Department of Control Science and Engineering, Harbin Institute of Technology, Harbin, Heilongjiang, China.
Sergeant Schools of Army Academy of Armored Forces, Changchun, Jilin, China.
PLoS One. 2024 Apr 4;19(4):e0301019. doi: 10.1371/journal.pone.0301019. eCollection 2024.
Automatic and accurate segmentation of medical images plays an essential role in disease diagnosis and treatment planning. Convolution neural networks have achieved remarkable results in medical image segmentation in the past decade. Meanwhile, deep learning models based on Transformer architecture also succeeded tremendously in this domain. However, due to the ambiguity of the medical image boundary and the high complexity of physical organization structures, implementing effective structure extraction and accurate segmentation remains a problem requiring a solution. In this paper, we propose a novel Dual Encoder Network named DECTNet to alleviate this problem.
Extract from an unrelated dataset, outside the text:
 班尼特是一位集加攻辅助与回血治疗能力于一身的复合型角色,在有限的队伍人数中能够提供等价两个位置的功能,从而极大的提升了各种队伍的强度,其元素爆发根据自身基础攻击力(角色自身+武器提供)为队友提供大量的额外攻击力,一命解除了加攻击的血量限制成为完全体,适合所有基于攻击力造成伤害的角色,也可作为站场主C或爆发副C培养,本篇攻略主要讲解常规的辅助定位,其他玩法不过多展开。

Specifically, the DECTNet embraces four components, which are a convolution-based encoder, a Transformer-based encoder, a feature fusion decoder, and a deep supervision module. The convolutional structure encoder can extract fine spatial contextual details in images. Meanwhile, the Transformer structure encoder is designed using a hierarchical Swin Transformer architecture to model global contextual information. The novel feature fusion decoder integrates the multi-scale representation from two encoders and selects features that focus on segmentation tasks by channel attention mechanism. Further, a deep supervision module is used to accelerate the convergence of the proposed method. Extensive experiments demonstrate that, compared to the other seven models, the proposed method achieves state-of-the-art results on four segmentation tasks: skin lesion segmentation, polyp segmentation, Covid-19 lesion segmentation, and MRI cardiac segmentation.
自动且准确的医学图像分割在疾病诊断和治疗规划中起着至关重要的作用。在过去十年中,卷积神经网络在医学图像分割方面取得了显著的成果。与此同时,基于 Transformer 架构的深度学习模型在该领域也取得了巨大的成功。然而,由于医学图像边界的模糊性和组织结构的高度复杂性,实现有效的结构提取和精确的分割仍然是一个需要解决的问题。在本文中,我们提出了一种名为 DECTNet 的新型双编码器网络来缓解这个问题。具体来说,DECTNet 包含四个组件,分别是基于卷积的编码器、基于 Transformer 的编码器、特征融合解码器和深度监督模块。卷积结构编码器可以提取图像中的精细空间上下文细节。同时,基于分层 Swin Transformer 架构设计的 Transformer 结构编码器用于对全局上下文信息进行建模。新颖的特征融合解码器集成了来自两个编码器的多尺度表示,并通过通道注意力机制选择专注于分割任务的特征。此外,深度监督模块用于加速所提出方法的收敛。大量实验表明,与其他七个模型相比,所提出的方法在四个分割任务上取得了最先进的结果:皮肤病变分割、息肉分割、Covid-19 病变分割和 MRI 心脏分割。